Since its release in 1993, “Girl, Interrupted” has gained a devoted following. For many, Kaysen’s account of her time in a psychiatric hospital still resonates. As of 2018, there were 1.5 million copies still in print in the U.S., and the book has almost 250,000 reviews on Goodreads. The memoir’s popularity surged after its adaptation into a 1999 film starring Winona Ryder and Angelina Jolie, the latter of whom won the Academy Award for Best Supporting Actress for her role as Lisa.  

Girl, Interrupted” is especially popular among young women who relate to Kaysen’s experience as an 18-year-old woman dealing with mental illness. There are more than 80,000 TikTok videos under #girlinterrupted, and multiple audio clips from the movie have gone viral on the app. The movie’s characters are frequently included in Pinterest mood boards, and Kaysen’s story is often categorized under the “sad girl” aesthetic. Alongside other female-focused stories involving mental illness, “Girl, Interrupted” is a canon film and piece of literature in this internet subculture.
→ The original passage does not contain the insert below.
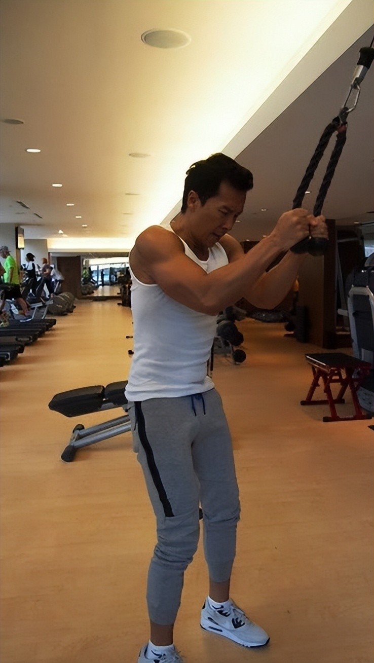 甄子丹依旧保持着一身勐力十足的"铁人"体格!让我们仔细品味一下这位实力派硬汉在健身房里那股子疯狂的"肌肉风采"!

Kaysen described the process of writing “Girl, Interrupted” as a deviation from her usual process.

“Most of the time, I find writing very difficult, but writing this book was not very difficult. It was like a movie playing out. It felt very vivid to me.” When asked by one of the bookstore’s two employee interviewers about her intentions for the book, she responded that it was not meant to be an exposé but more of an anthropological study of the hospital’s environment.

For Kaysen, the memoir’s popularity came as a shock. When asked how she felt about the book’s reception, Kaysen expressed the initial surprise she felt and continues to feel. “It still surprises me that people are still reading it.”
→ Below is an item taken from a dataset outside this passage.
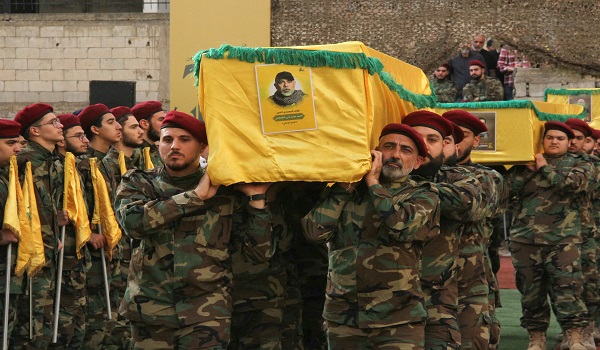 Ratusan penyokong menghadiri upacara di kawasan padat selatan Beirut, mengusung keranda berlapik bendera kuning Hezbollah sambil melaungkan slogan anti Israel dan anti Amerika.

Kaysen’s author visit at Porter Square Books was especially impactful due to the store's location in Cambridge, as McLean Hospital is just over a 15-minute drive away.  During the Q&A session, it became clear that multiple people at the event had spent time at McLean themselves. To be able to communicate directly with the author of a memoir so deeply relatable was a visibly sentimental experience for these guests. In those moments, the room felt a lot more like a community of neighbors with shared experiences. One woman who’d been hospitalized at McLean shared a particularly ironic memory with Kaysen.
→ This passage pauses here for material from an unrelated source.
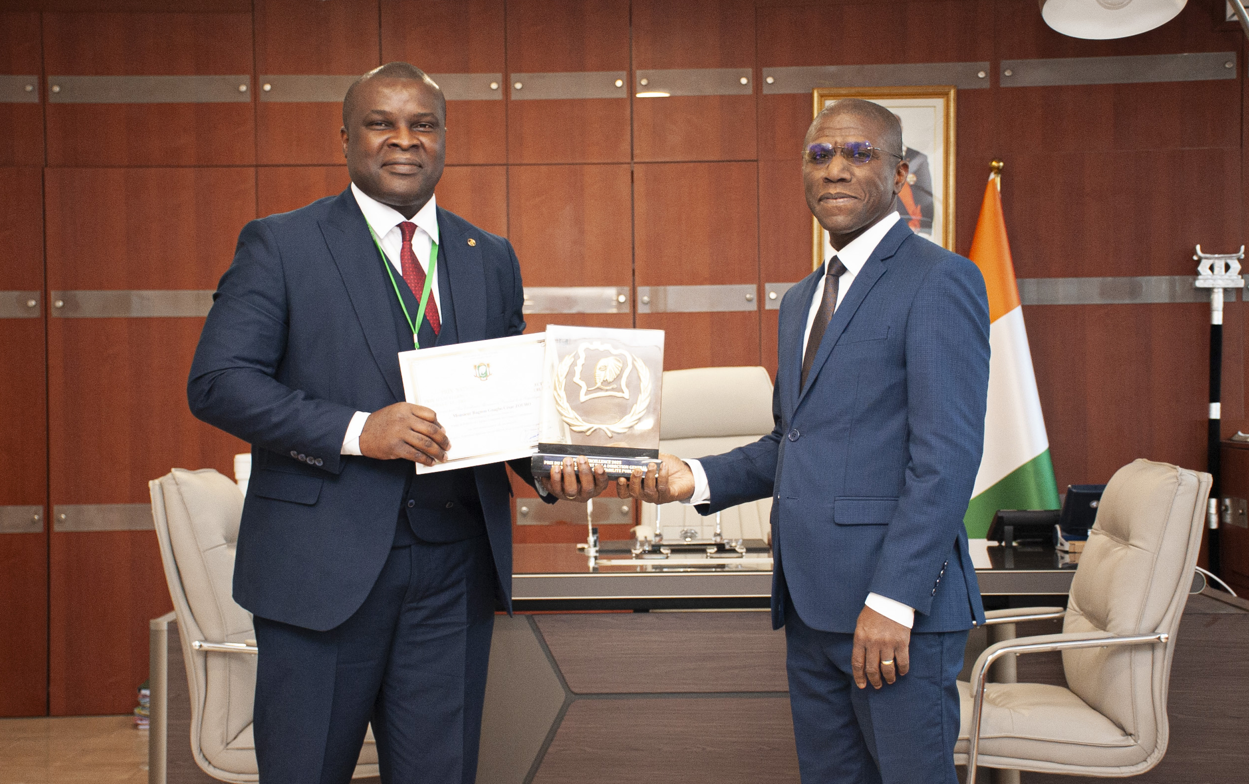Le meilleur agent du Trésor Public, au titre du Prix National d’Excellence 2025, M. ZOUHO Bagnon Gnagbo César, Fondé de Pouvoirs à l’Agence Comptable des Créances Contentieuses (ACCC), a présenté sa distinction, reçue des mains du Président de la République, SEM. Alassane OUATTARA, au Directeur Général, M. AHOUSSI Arthur Augustin Pascal, ce mardi 5 aout 2025, à son cabinet sis à l’immeuble SOGEFIHA, à Abidjan-Plateau.

“Some of the girls and I tried to watch “Girl, Interrupted” as a movie night, and they did not let us,” she recounted, drawing laughter from the crowd.  

Throughout the audience’s questions on her hospitalization, Kaysen made a point that her time at McLean had its highs as well as its lows. “It’s a rift, being put away from yourself, from regular life. It’s a strange rifting life and I don’t think that ever goes away. I made that experience, though, into something that brought me a lot of happiness.”

Despite some of the chaos that ensued during her 18-month stay, Kaysen ultimately described McLean as a refuge. “It was also a refuge. It was an irritating, frightening, bothersome refuge, but it was a refuge.”

Over 50 years after her hospitalization, Kaysen continues asserting control over her narrative, while seemingly harboring little resentment. Time has been crucial in the formation of a clearer perspective. “I think it takes a while to see the funny side of bad things,” she said in response to a question on how she incorporated humor into the memoir. Her advice to fellow memoir writers is to wait. “Many people now do not wait long enough,” she said. Time is necessary to digest the experience. In the case of “Girl, Interrupted,” the observations and feelings of Kaysen’s 18-year-old self remain timeless.